Regression analysis can have a couple of different
purposes. Generally regression is used as a means to predict values or
scores on the outcome variable using one or more predictor variables.
However, regression is also often used as a means of determining
variable importance, meaning how are two or more variables related in
the context of a model. There are a vast number of types and ways to
conduct regression. This tutorial will focus exclusively on ordinary
least squares (OLS) linear regression. As with many of the tutorials on
this web site, this page should not be considered a replacement for a
good textbook, such as:
Pedhazur, E. J. (1997). Multiple
regression in behavioral research: Explanation and prediction
(3rd ed.). New York: Harcourt Brace.
For the duration of this tutorial, we will be
using
RegData001.sav
Regression Assumptions: Regression
is perhaps the most popular form of statistical analysis.
Unfortunately, regression also likely has the distinction of being the
most frequently abused statistical analysis, meaning it is often used
incorrectly. There are many assumptions of regression analysis. It is
strongly urged that one consult a good textbook (such as Pedhazur,
1997) to review all the assumptions of regression. However, some of the
more frequently violated assumptions will be reviewed here briefly.
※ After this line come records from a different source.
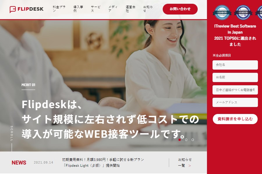 「Flipdesk」は、2021年9月時点で 1,000社・ 1,300サイト以上の導入実績を誇るWeb接客ツールです。
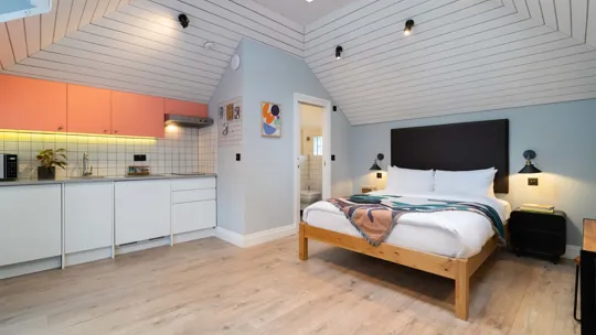 The fully electric hometel is powered by 100% renewable electricity and supported by an air source heat pump and on-site solar panels. Where energy demand cannot be reduced further, operational emissions are offset through nature-verified carbon removal projects, enabling guests to enjoy a carbon neutral stay. room2 Hammersmith has been recognised with a Green Tourism Gold award.
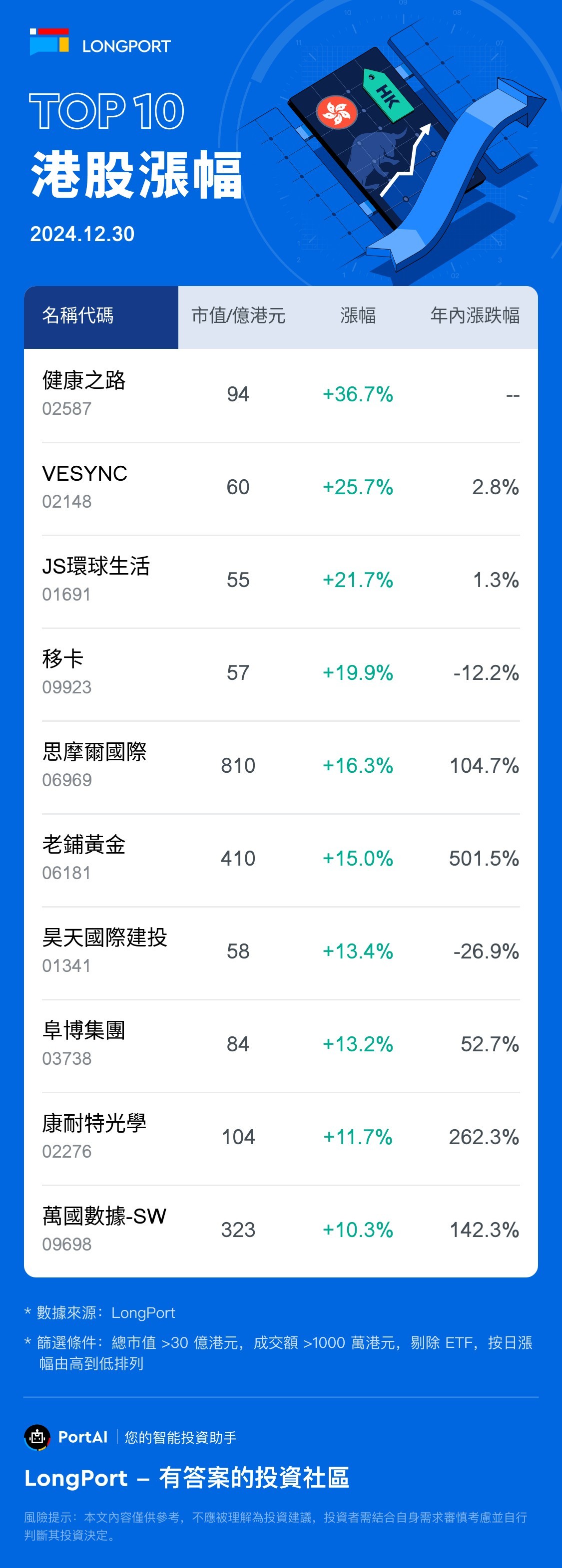 健康之路 (02587) 涨 36.67%,成交额 3258.6 万港元,年内累计。 VESYNC(02148) 涨 25.71%,成交额 5777.7 万港元,年内累计涨 2.8%。 JS 環球生活 (01691) 涨 21.71%,成交额 2.2 亿港元,年内累计涨 1.3%。
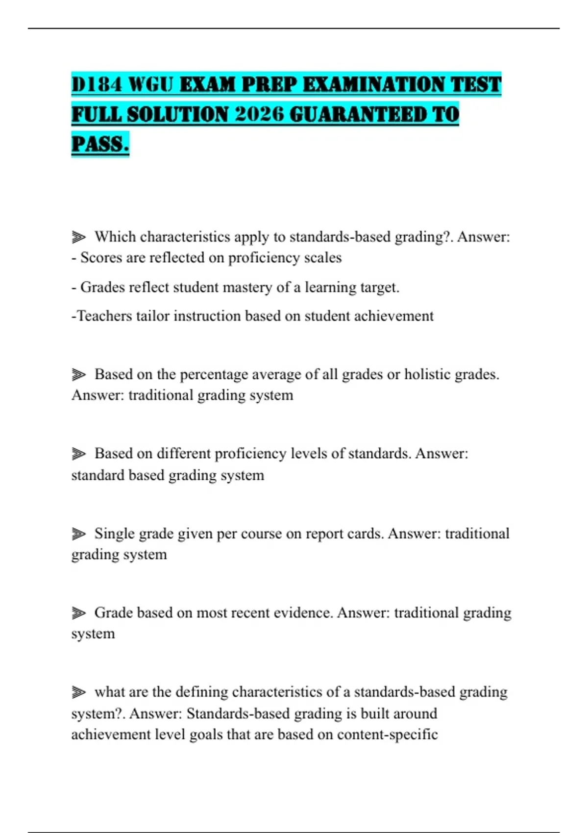 ⫸ Which characteristics apply to standards-based grading?. Answer:
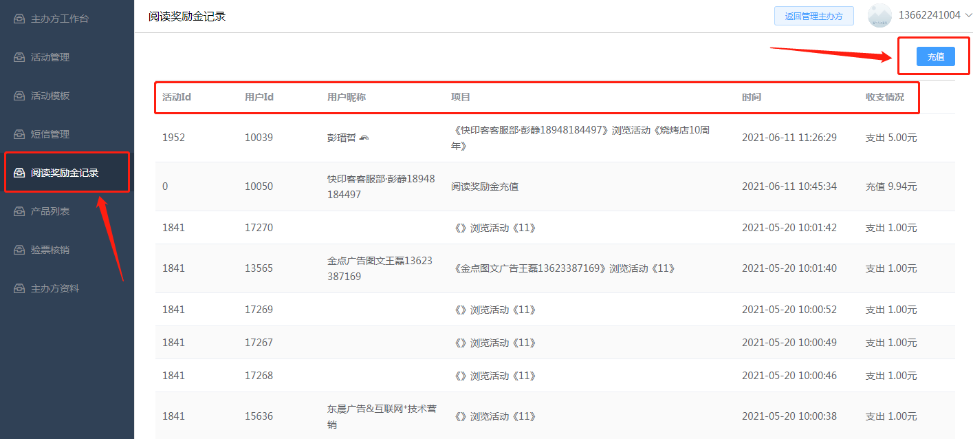 2.8阅读营销奖励金:此处为该活动下,阅读营销奖励金收入和支出领取的记录。同时可以在此处进行充值。如下所示:
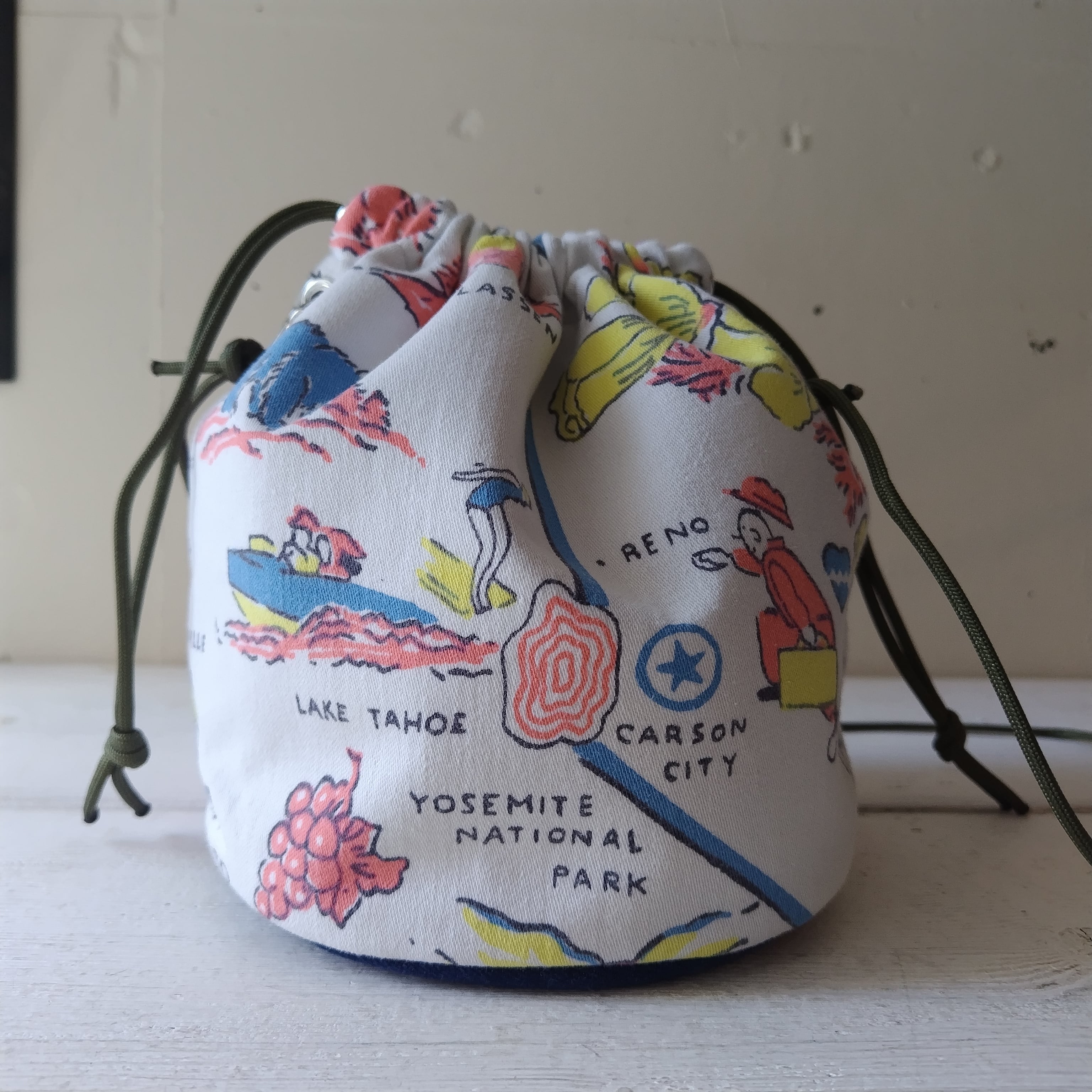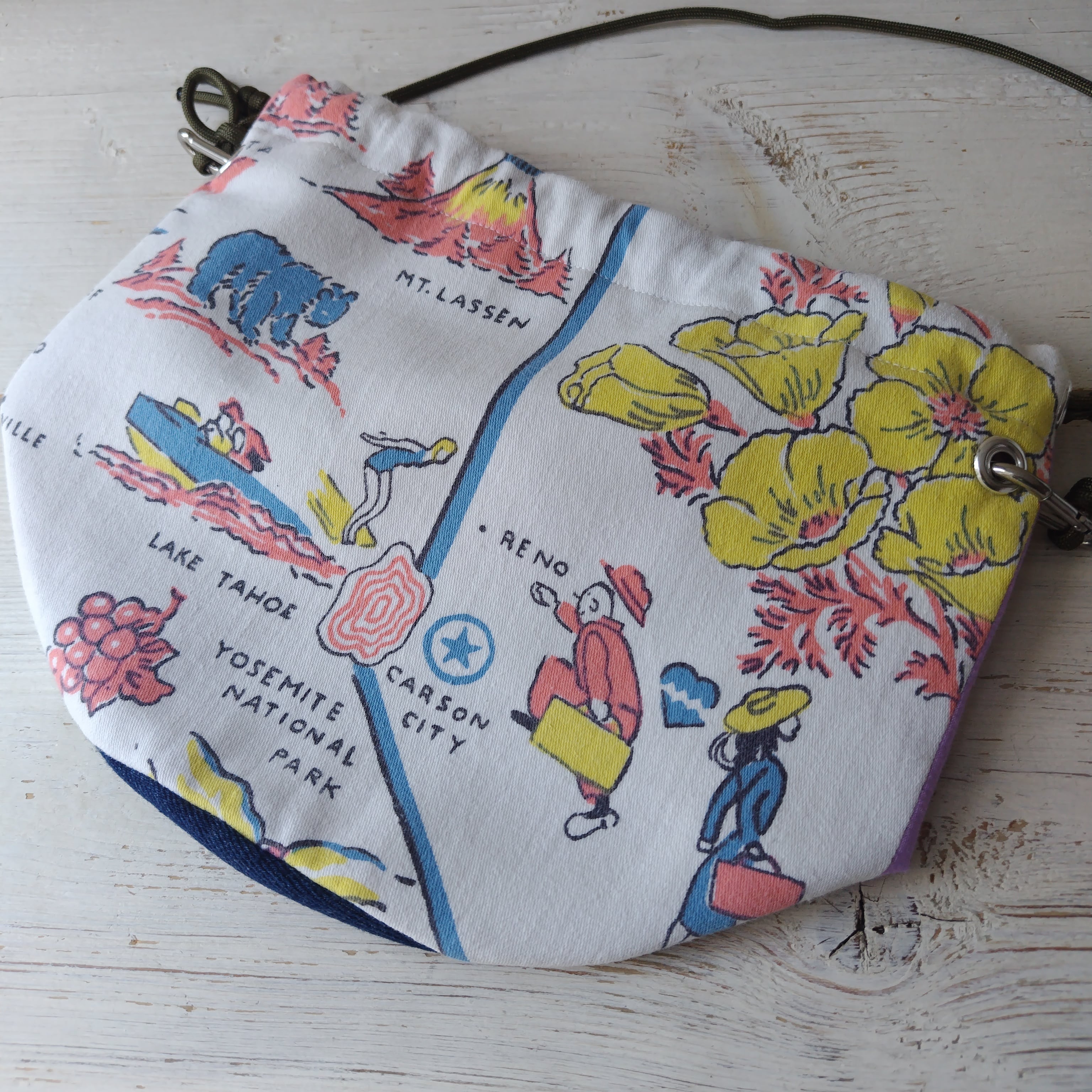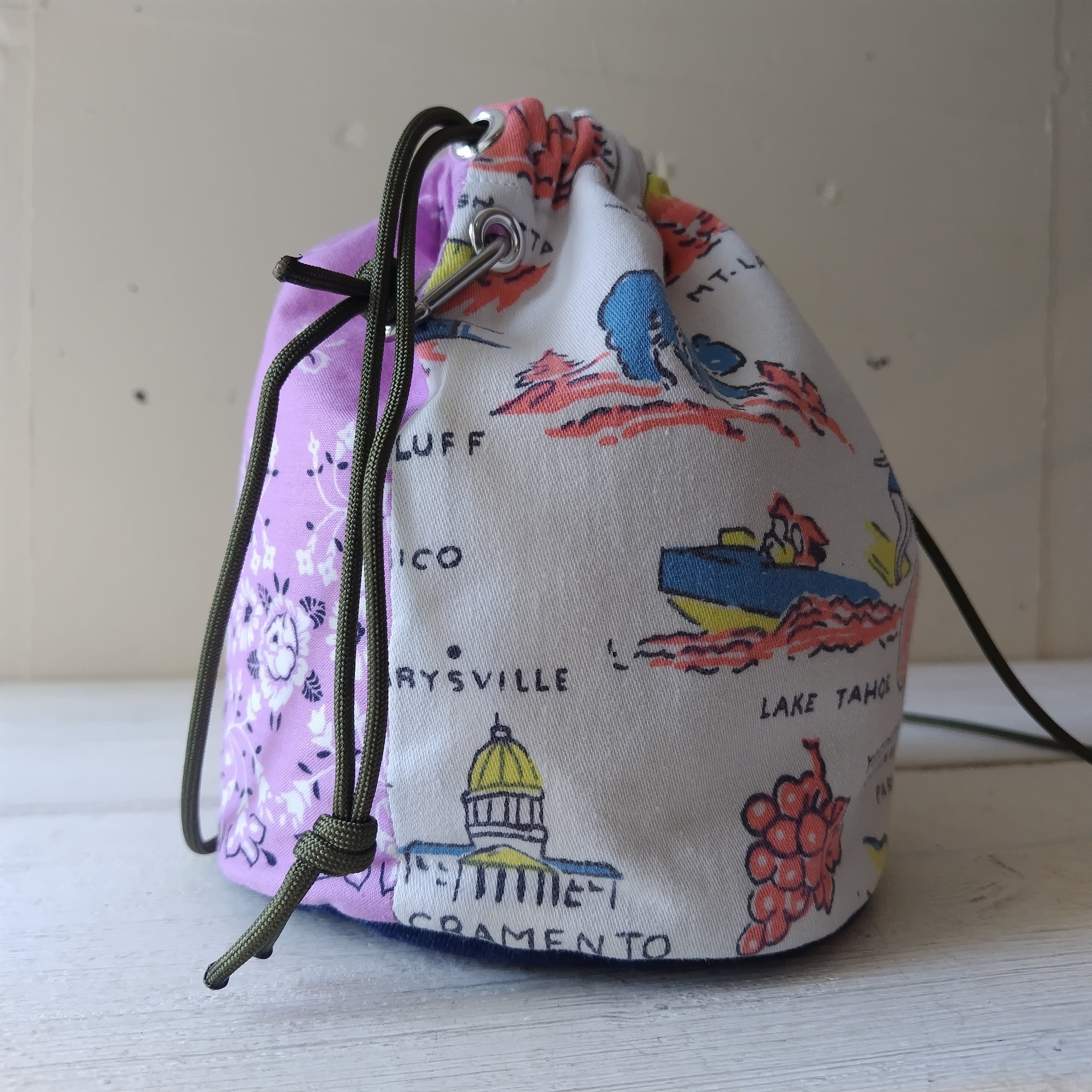 バンダナ x ビンテージファブリック リメイク巾着 2wayショルダーバッグ

First, regression works best under the condition of proper model
specification; essentially, you should have all the important variables
in the model and no un-important variables in the model. Literature
reviews on the theory and variables of interest pay big dividends when
conducting regression. Second, regression works best when there is a
lack of multicollinearity. Multicollinearity is a big fancy word for:
your predictor variables are too strongly related, which degrades
regression's ability to discern which variables are important to the
model. Third, regression is designed to work best with linear
relationships. There are types of regression specifically designed to
deal with non-linear relationships (e.g. exponential, cubic, quadratic,
etc.); but standard multiple regression using ordinary least squares
works best with linear relationships. Fourth, regression is designed to
work with continuous or nearly continuous data. This one causes a great
deal of confusion, because 'nearly continuous' is a subjective
judgment. A 9-point Likert response scale item is NOT a continuous, or
even nearly continuous, variable. Again, there are special types of
regression to deal with different types of data, for example, ordinal
regression for dealing with an ordinal outcome variable, logistic
regression for dealing with a binary dichotomous outcome, multinomial
logistic regression for dealing with a polytomous outcome variable,
etc. Furthermore, if you have one or more categorical predictor
variables, you cannot simply enter them into the model. Categorical
predictors need to be coded using special strategies in order to be
included into a regression model and produce meaningful interpretive
output. The use of dummy coding, effects coding, orthogonal coding, or
criterion coding is appropriate for entering a categorical predictor
variable into a standard regression model. Again, a good textbook will
review each of these strategies--as each one lends itself to a
particular purpose. Fifth, regression works best when outliers are not
present. Outliers can be very influential to correlation and therefore,
regression. Thorough initial data analysis should be used to review the
data, identify outliers (both univariate and multivariate), and take
appropriate action. A single, severe outlier can wreak havoc in a
multiple regression analysis; as an esteemed colleague is fond of
saying...know thy data!
Bivariate Regression. The
simplest form of regression is bivariate regression, in which one
variable is the outcome and one is the predictor. Very little
information can be extracted from this type of analysis. The most
meaningful statistic is likely to be the correlation coefficient
squared (R²), which refers to
the amount of variance in one variable accounted for by the other.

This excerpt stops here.